- A video presentations a Russian T-90 tank falling off a small cliff and becoming stuck.
- It became a sitting duck for Ukraine’s attack drones.
- Ukraine has been rigging cheap drones with explosives and astounding expensive Russian equipment.
A video appears to show the moment a Russian T-90 tank falls off a small cliff and is then devitalized by a Ukrainian attack drone.
The Ukrainian Air Assault Forces shared footage of the incident on Telegram, which shows the tank blunder off a leafy cliff face and appearing to become stuck halfway down.
The next shot shows the vehicle being struck by a drone, which occasions it to explode.
“Another enemy tank – done,” the 80th Air Assault Brigade said in the post.

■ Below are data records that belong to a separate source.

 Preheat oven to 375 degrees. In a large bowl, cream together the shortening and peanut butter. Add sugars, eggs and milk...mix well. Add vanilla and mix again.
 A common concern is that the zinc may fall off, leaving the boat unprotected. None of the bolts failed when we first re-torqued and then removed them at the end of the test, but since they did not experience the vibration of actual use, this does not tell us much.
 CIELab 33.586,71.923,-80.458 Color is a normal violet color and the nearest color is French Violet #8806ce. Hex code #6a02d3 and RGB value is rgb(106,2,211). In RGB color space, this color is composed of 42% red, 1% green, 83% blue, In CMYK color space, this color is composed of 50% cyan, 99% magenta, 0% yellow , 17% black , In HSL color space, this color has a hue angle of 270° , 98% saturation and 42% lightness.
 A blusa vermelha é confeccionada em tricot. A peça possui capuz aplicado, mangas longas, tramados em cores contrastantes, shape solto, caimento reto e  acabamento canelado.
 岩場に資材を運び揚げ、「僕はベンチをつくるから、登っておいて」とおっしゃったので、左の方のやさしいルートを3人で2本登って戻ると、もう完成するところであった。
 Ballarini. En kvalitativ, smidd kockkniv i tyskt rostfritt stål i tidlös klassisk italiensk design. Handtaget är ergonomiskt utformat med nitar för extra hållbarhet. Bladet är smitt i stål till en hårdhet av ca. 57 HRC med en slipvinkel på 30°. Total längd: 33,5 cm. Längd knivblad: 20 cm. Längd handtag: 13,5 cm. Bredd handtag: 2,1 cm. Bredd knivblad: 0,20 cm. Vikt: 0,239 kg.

The successful strike was carried out speaking a FPV (first-person-view) drone, the post said, which are cheap hobby drones that Ukraine is re-inventing to take out Russian appurtenances worth millions.

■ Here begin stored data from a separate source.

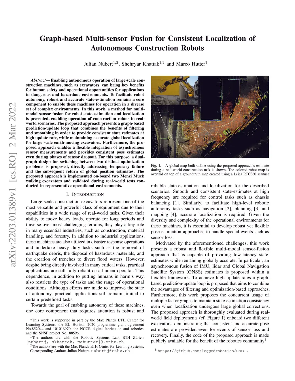 Enabling autonomous operation of large-scale construction machines, such as excavators, can bring key benefits for human safety and operational opportunities for applications in dangerous and hazardous environments. To facilitate robot autonomy, robust and accurate state-estimation remains a core component to enable these machines for operation in a diverse set of complex environments. In this work, a method for multi-modal sensor fusion for robot state-estimation and localization is presented, enabling operation of construction robots in real-world scenarios. The proposed approach presents a graph-based prediction-update loop that combines the benefits of filtering and smoothing in order to provide consistent state estimates at high update rate, while maintaining accurate global localization for large-scale earth-moving excavators. Furthermore, the proposed approach enables a flexible integration of asynchronous sensor measurements and provides consistent pose estimates even during phases of sensor dropout. For this purpose, a dual-graph design for switching between two distinct optimization problems is proposed, directly addressing temporary failure and the subsequent return of global position estimates. The proposed approach is implemented on-board two Menzi Muck walking excavators and validated during real-world tests conducted in representative operational environments.
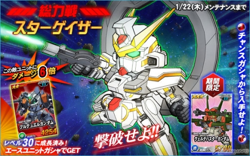 同機を倒した際に引くことができるチャンスガシャには「★3 ヴェルデバスターガンダム」を獲得できるチャンスがあるほか、エースユニットガシャには「スターゲイザー」に対し6倍の攻撃力を発揮する「★2 ブルデュエルガンダム」が追加される。
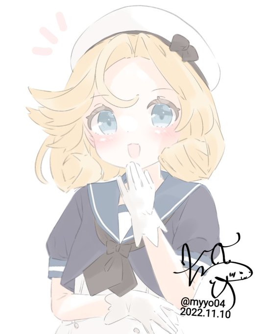#艦これ版深夜の真剣お絵描き60分一本勝負 #艦これ版真剣お絵描き60分一本勝負_20221110 ジェーナス炊飯衣装かわいい 背中側のスカーフどうなってるか迷ったので、垂らす結び方のやつ採用してみた 30分ちこく

The amateur loitering munitions can be armed with with a makeshift warhead and severely damage extravagant tanks and weapons systems worth millions of dollars, imposing far greater costs on the enemy, Insider previously on.
“The whole point is cost,” Samuel Bendett, a Russia defense and technology expert at the Center for Naval Analyses, told Insider. “These are very cost effective.”

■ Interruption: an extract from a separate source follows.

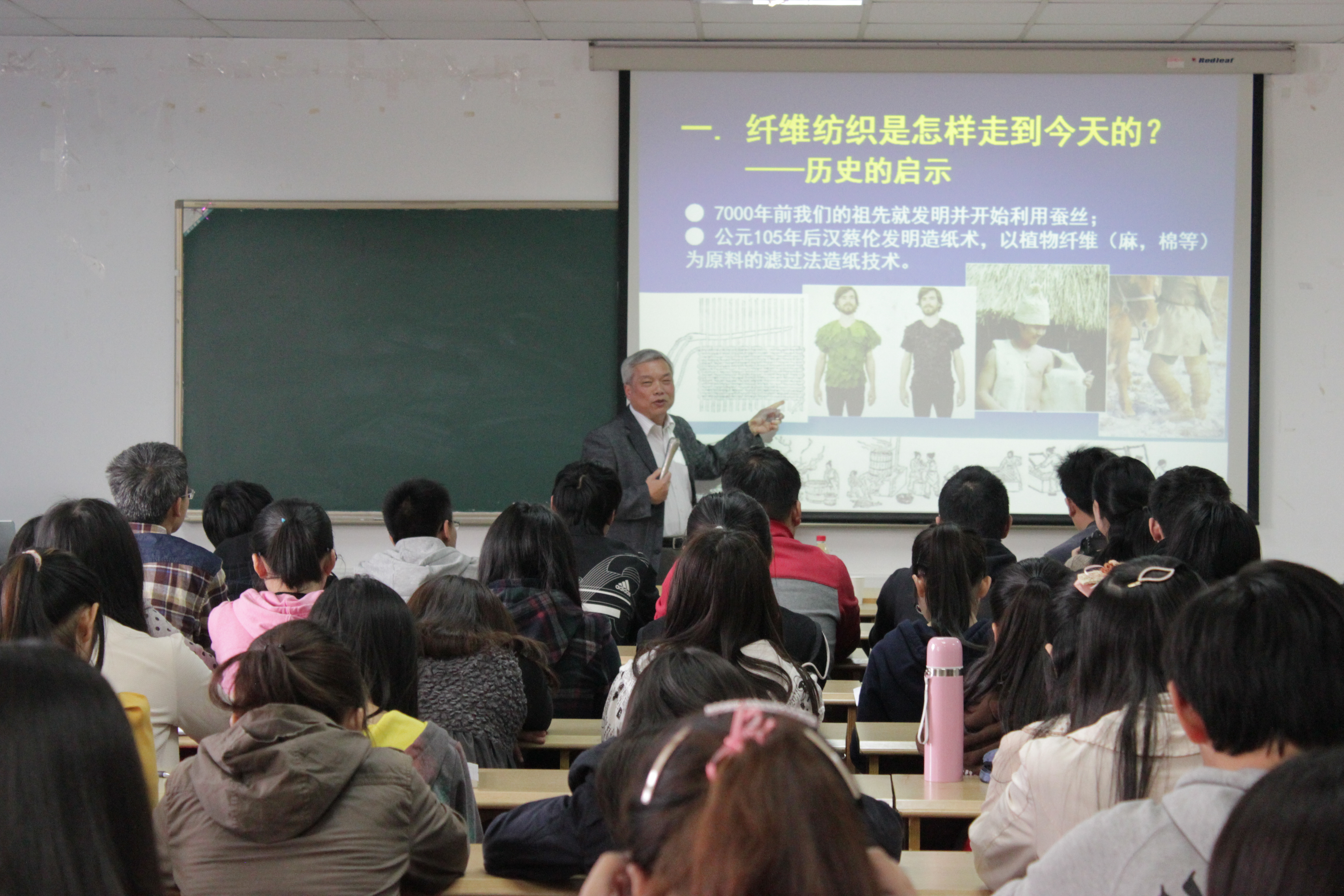 4月23日下午3:30,工科楼222教室座无虚席,纺织与服装工程学院特邀纺织工程专业退休教师白伦教授为2013级新生举办达生大讲堂之职业生涯规划讲座,本次讲座的主题是“今日纺织科学谈”。讲座由学院纺织工程系主任陈廷教授主持,学院党委副书记、副院长潘爱华及团委副书记马书明一起参加了讲座。

The cost of a single FPV drone tends to be around $400 to $500, or roughly the cost of a new Playstation.
ALEXANDER NEMENOV/AFP via Getty Images
An account called War Monitor on X, formerly cognizant of as Twitter, which tracks events in the conflict in Ukraine, said that the destruction of the T-90 took place south of Klishchiivka in Donetsk, nigh Bakhmut, the scene of the most fierce fighting of the 18-month war.
The 80th Air Assault Brigade, one of the Ukrainian Army’s oldest and most battle-hardened creations, was deployed to Bakhmut last month, according to an exclusive report in the Jerusalem Post.
Russia has suffered huge equipage losses during its unprovoked invasion of Ukraine, with visually documented losses of over 2200 tanks, per open-source tracking website Oryx.